Ne poteva rimanere prigioniero, anche lui nel ventre della balena (pardon, pescecane), perduto per sempre in quell'oceano di pagine difficilmente navigabili: e invece l'autore di <Dogman> sfida la maledizione di <Pinocchio> (che travolse anche Benigni, qui ora magnifico Geppetto per il quale la vita è di nuovo bella) girando un film visivamente splendido (e produttivamente <estremo> nel panorama italiano)celebrando con forza estetica il capolavoro di Collodi di cui Garrone coglie e leviga l'aspetto adulto senza per questo sacrificarne lo stupore, la magia, il comune senso del rocambolesco. In un Paese (questo) dove <gli innocenti vanno in prigione> e si fa la fame sperando prima o poi di mettere giudizio, l'avventura di diventare grandi va di pari passo alla scoperta della crudeltà della vita: tocca tornare bambini (o diventarlo, finalmente) per giudicare con la dovuta serenità un'umanità affollata di burattini di cui qualcun altro tira i fili, di teste di legno, di marionette costrette sulla scena, vittime dell'ennesima recita.
Il commovente (e smisurato) affetto paterno, il romanzo (etico) di formazione, l'immaginazione come antidoto alla miseria: le chiavi ci sono tutte, più che altro occorre capire (ma già gli incassi di questo weekend dovrebbero chiarire le idee) quale sia (e da chi sia composto) il pubblico del <Pinocchio> di Garrone, un film che può piacere a tutti (grandi e piccoli) e per le stesse ragioni a pochi.
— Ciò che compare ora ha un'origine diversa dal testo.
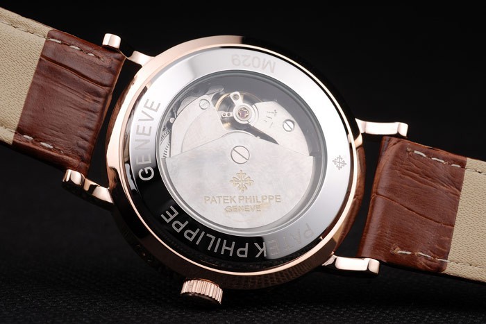 Die Patek Philippe Grand Komplikationen Hohe Kopie Replica Uhren 4617 ist eine exquisite Uhr. Das Gehäuse aus 18 Karat Roségold ist mit einer gerillten Lünette verziert und das braune Krokodillederarmband ist mit einer 18 Karat Roségold-Schließe versehen. Das Zifferblatt ist versilbert und mit römischen Ziffern und Blattzeigern versehen. Das Uhrwerk ist ein japanisches Miyota-Automatikwerk. Der Gesamteindruck der Uhr ist luxuriös und elegant. Der Preis ist jedoch recht hoch, sodass es sich um eine Uhr für besondere Anlässe handelt.
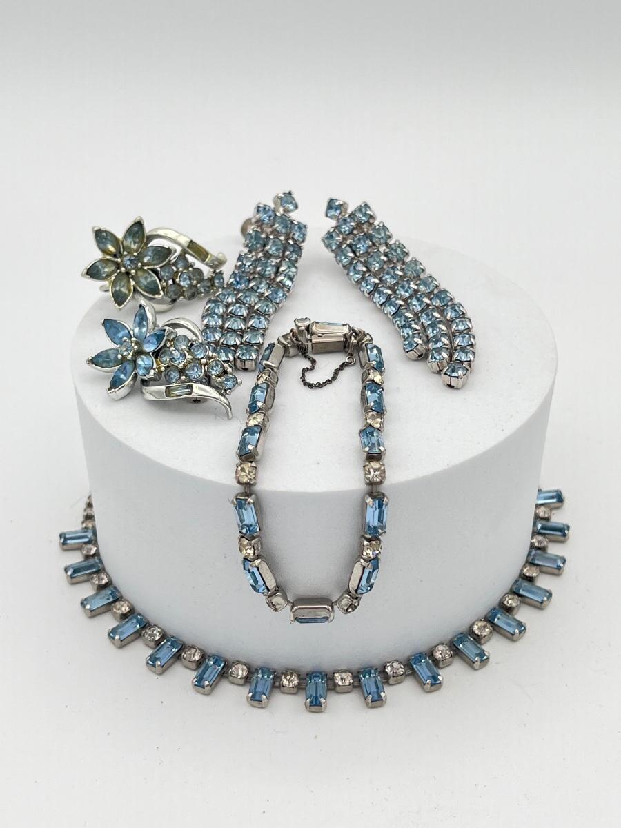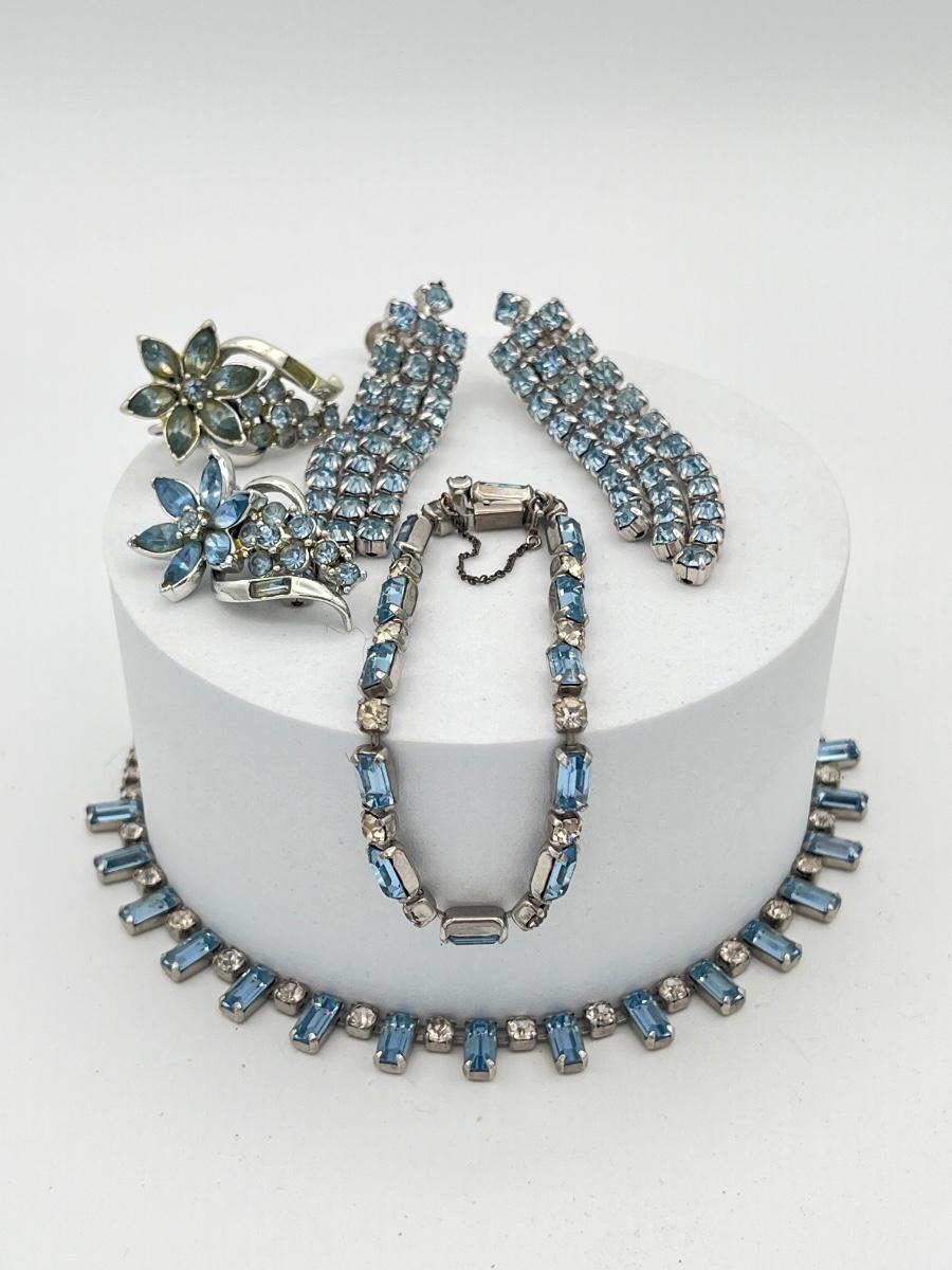 LOT 20: Two marked Coro Blue Rhinestone Jewelry lot - 14” Necklace & 7” Bracelet
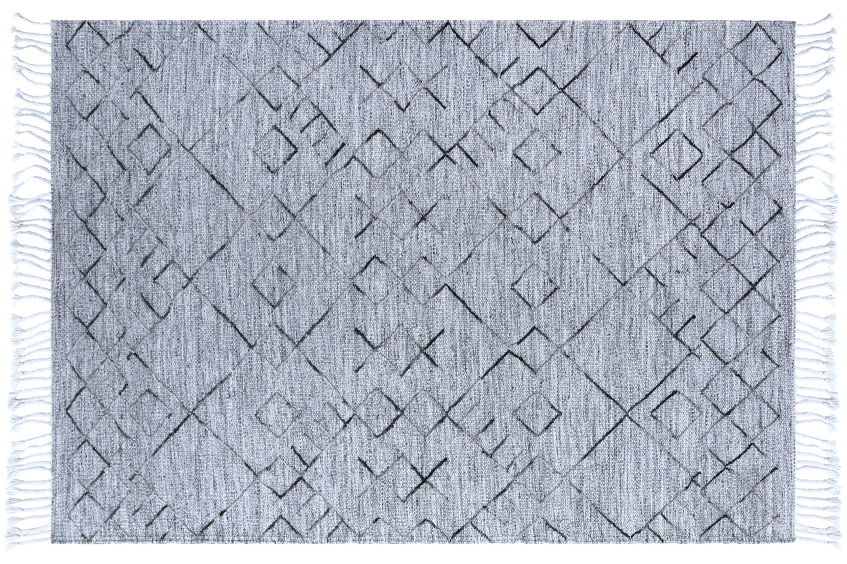 The MaterialsThis rug is flatwoven with a surprisingly soft blend of yarn made from recycled plastic bottles, which are sorted, washed, crushed, and thrice-melted into fibers.
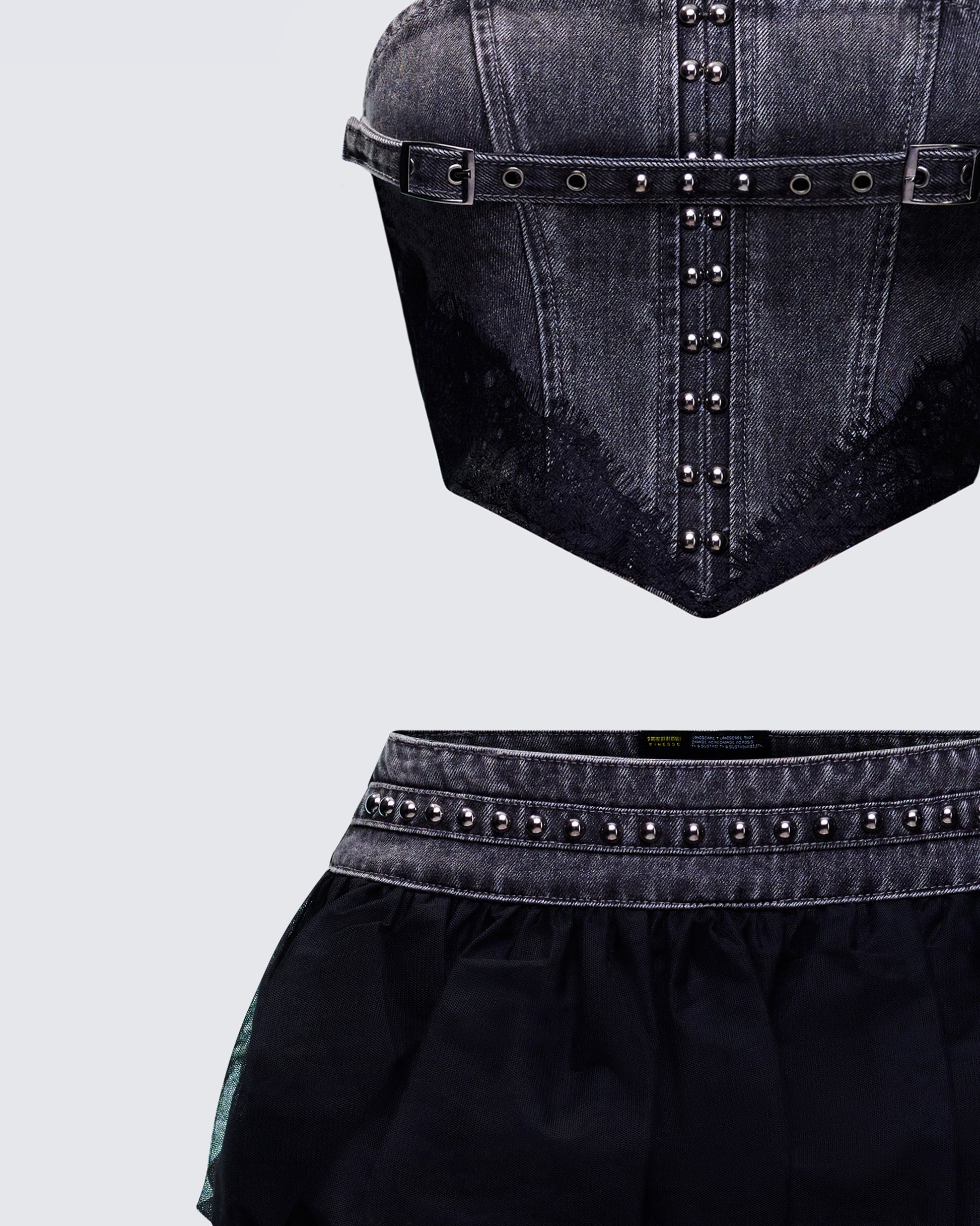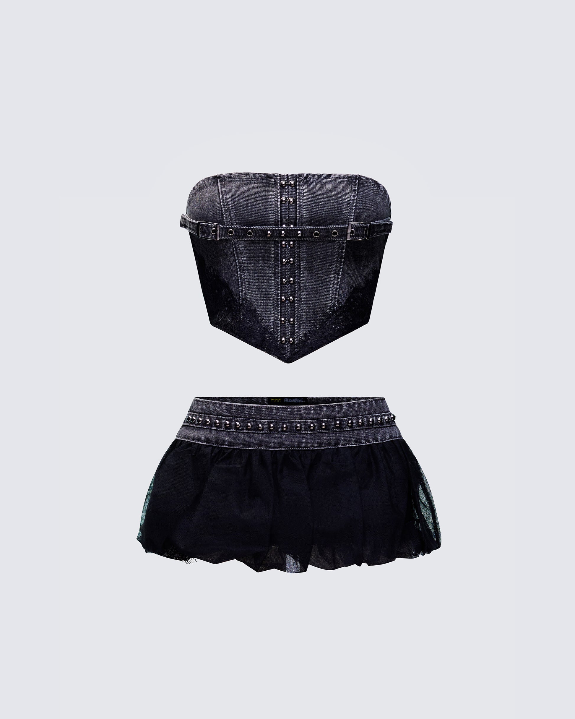 The prettiest kind of threat π€ Complete with a black denim corset top and a matching mini skirt, this two-piece set knows how to keep the hooked π
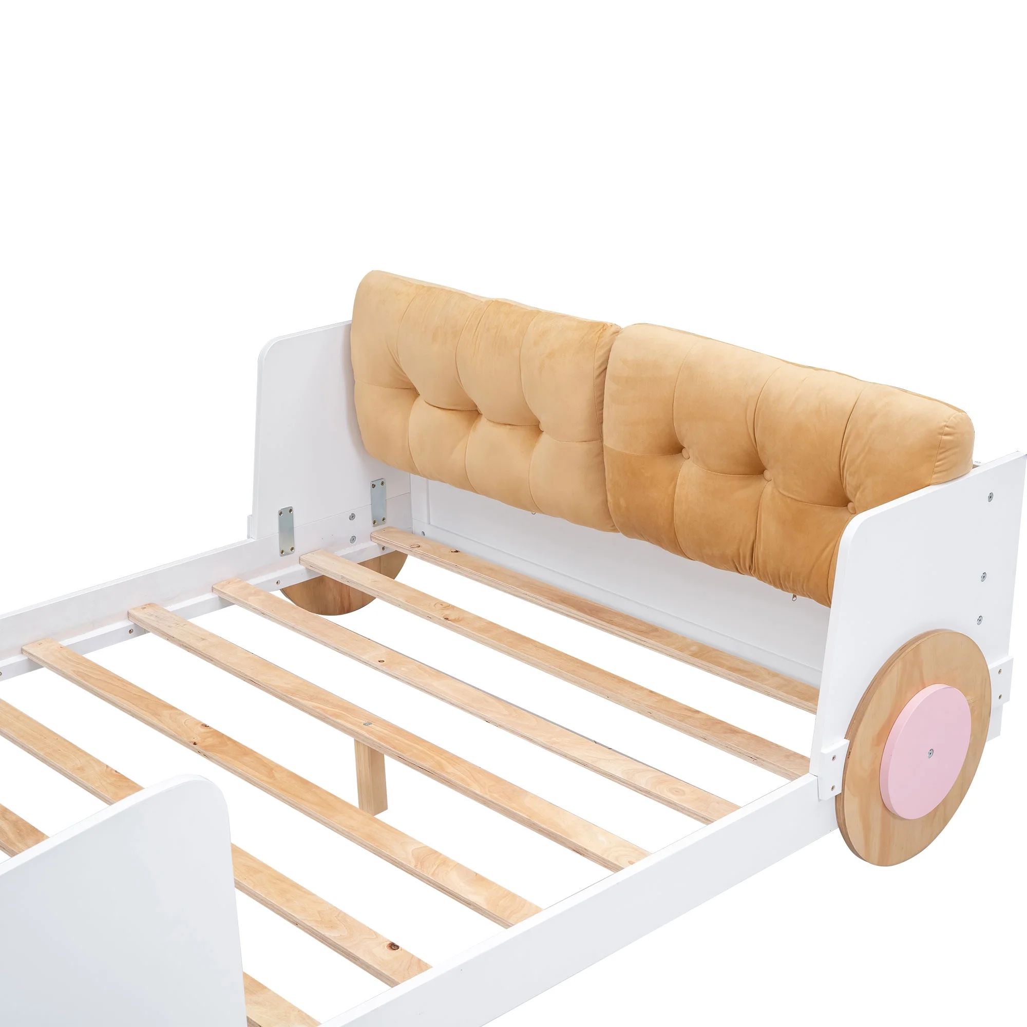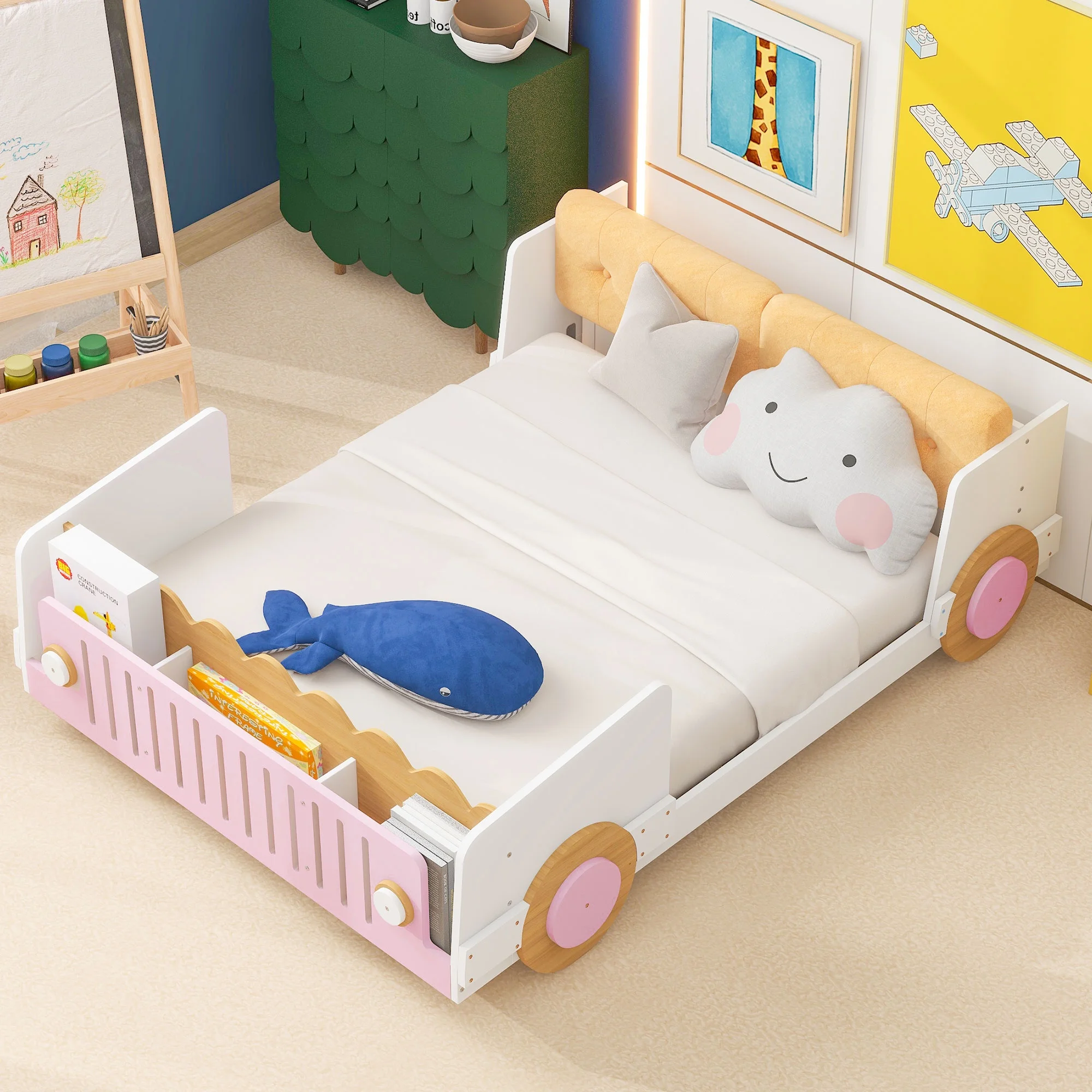 Euroco Full Size Car-Shaped Platform Bed with Storage Shelf and 2 Cushions for Kids Bedroom

Una fiaba d'autore che nell'affrontare con puntualità filologica il testo rispolvera passaggi ignorati dalle precedenti versioni, facendosi forte (nonostante nella seconda parte il film fatichi di più) di una realizzazione di grande riuscita, di grande spessore, a cui porta un serio contributo un cast molto variegato (oltre a Benigni, tra gli altri, anche un Proietti-Mangiafuoco, cattivo solo in apparenza ma assai facile alla commozione, la francese Marine Vacht – già giovane musa di Ozon -, un ottimo Massimo Ceccherini, Volpe in cerca di qualcosa <da spizzicare> insieme al Gatto Papaleo) che gira intorno al giovanissimo Federico Ielapi, il burattino dagli occhi da bambino che per tre mesi si è sottoposto a quattro ore di trucco (più una per struccarsi) tutti i giorni. E se Garrone non sbaglia una faccia, fantastico davvero è il lavoro di make up dell'inglese Mark Coulier, due Oscar in bacheca (per <Grand Budapest Hotel> e <The Iron Lady>) e parecchio da fare anche sui set di <Harry Potter> e del <Suspiria> di Guadagnino: tecnico di fama mondiale che, unitamente al costumista Massimo Cantini Parrini (ospite lo scorso mese del Parma Film Festival), ricrea un mondo dove potere entrare è un privilegio.